The Lonely Patient: How We Experience Illness is Stein’s first non-fiction book, and it grew out of a series of lectures he gave at Brown University Medical School, where he is a professor of medicine and community health. The other impetus was the terminal illness of his brother-in-law Richard, a man 20 years his senior, whom Stein regarded with great affection, as an argumentative uncle, engaging colleague, and dear friend, all rolled into one.
 
It was Stein’s own reactions to Richard’s diagnosis of a rare form of sinus cancer that jolted him into the realization that as a young doctor he had been trained to keep an emotional distance from his patients and that posture had not allowed him to recognize the internal journeys into the alienating land of illness upon which they were embarked. Once he thought about what he’d heard from patients, however, he came up with four strong feelings experienced by most of them: betrayal, terror, loss, and loneliness.
 
These define the four sections of the book, in which Stein distills marvelously apt metaphoric descriptions — of pain, suffering, fear, health, illness. His images give us a clearer, more vivid understanding of the emotions he is describing. He also weaves through his own ruminations the words of others who have written about illness: Oliver Sacks, Susan Sontag, Reynolds Price, and Flannery O’Connor, and less well-known writers, such as Lucy Grealy, Dominique Bauby, and Jennifer Estess. The pithy quotes he chooses deftly underscore and elaborate the points he is making.
 
The most memorable and distinct parts of Stein’s book are the narratives of particular patients, carefully laid out to create a dramatic arc to their stories: What first brings them to consult him?
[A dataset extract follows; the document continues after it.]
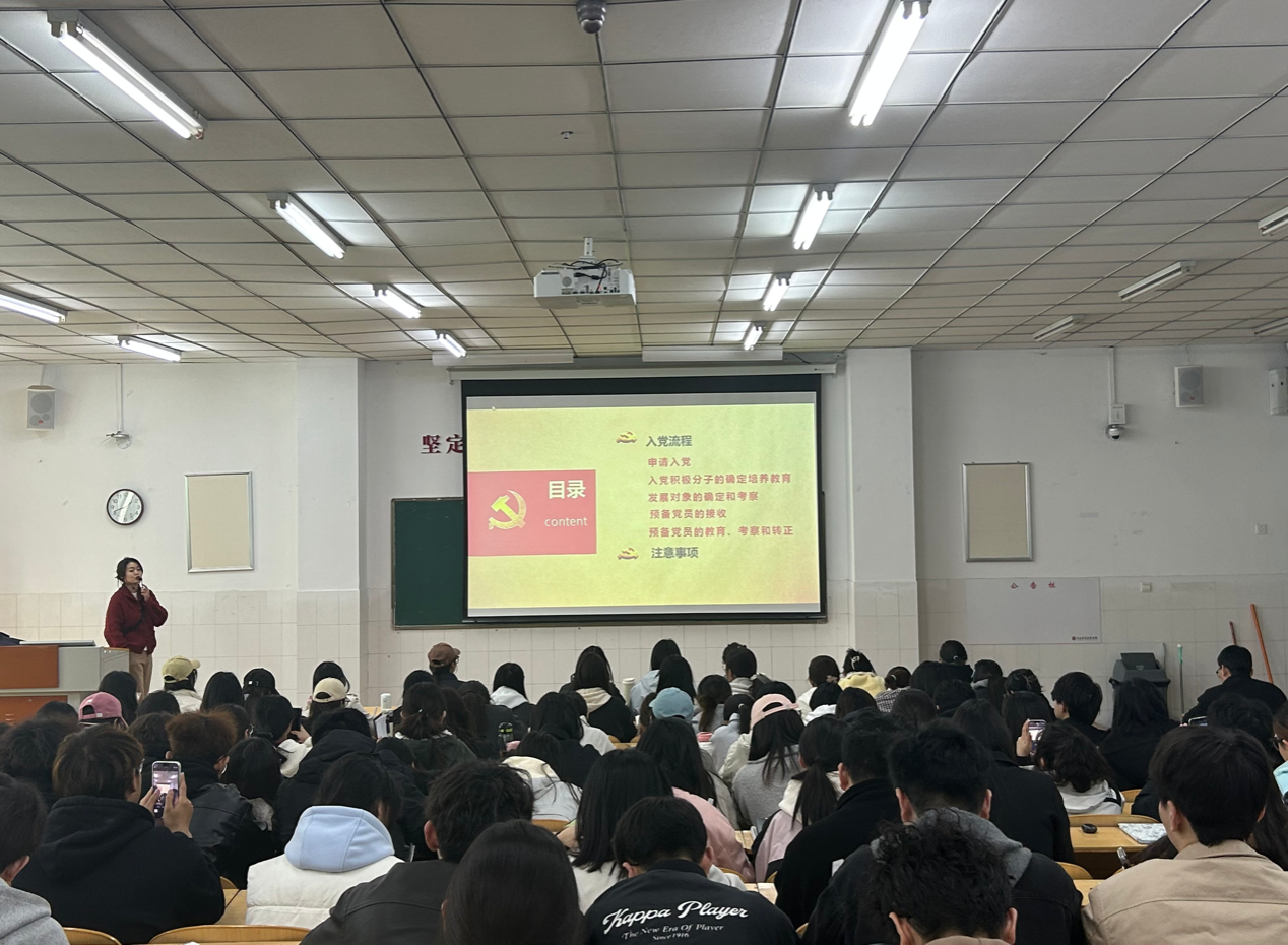 张珂瑜老师主要从入党程序和注意事项两方面进行讲述。首先,张老师详细讲述了申请入党的条件、入党积极分子的确定和培养、发展对象的确定和考察、预备党员的接收、预备党员的教育考察和转正五大方面的内容,使同学们对入党的流程有了进一步的了解。接着,张老师讲述了入党申请书、入党志愿书、思想汇报等材料的写作注意事项,并提到在入党过程中,入党申请人应始终保持真诚、坦率的态度,如实向党组织汇报自己的思想、学习和工作情况。培训最后,张老师希望大家能够将入党程序了熟于心,在未来的学习生活中以身作则遵守党规党纪,增强对中国共产党的热爱,坚定不移跟党走,用实际行动践行信仰,为党的事业贡献自己的青春力量。

What are possible treatments for their problem? What is the outcome? As in most medical tales, not all endings are happy ones — i.e., a complete return to health. But Stein uses his interactions with these patients to inform and advise his readers — be they patients, family caregivers, or medical providers — about the inner turmoil that overtakes anyone who becomes ill.
 
First is Joanna, an energetic and athletic thirty-something, who has become debilitated and depressed by constant pain in her feet. Tests are inconclusive; treatments are unsuccessful. Joanna feels angry, out-of-control, betrayed by her body, but eventually she finds her own methods to cope, including a support group. Next comes Luke, with a strange bump on his forehead that definitely needs surgery, which he persistently refuses. Stein recognizes Luke’s terror but not its true source — the anesthesia — until several conversations bring that out of him.
 
The chapter on loss is illustrated by 18-year-old Leila’s situation: a salivary gland tumor and, although it is benign, Leila, a shy teenager, must cope with a disfiguring scar on her neck. Stein knew Leila as a soccer player, and he hopes her competitive spirit can pull her out of her sadness, though it’s actually a new boyfriend that is key to her recovery.
 
The book’s last section on loneliness, which is fed by all the other deep emotions of illness, is crucial to Stein, both because it involves an AIDS patient whose loneliness he wishes he’d picked up on and because it crystallizes an evolving issue between patient and physician. Patients need to talk and physicians must encourage them to so by showing a strong measure of empathy and active listening.
 
Stein addresses this concern in a twofold manner: he shares his careful observations and thoughtful analyses of the distress in which people with illness find themselves; and he opens his heart to the reader about his last visits to Richard’s dying bedside. In so doing, he gives us his humanity, and that’s all any patient really wants from a doctor.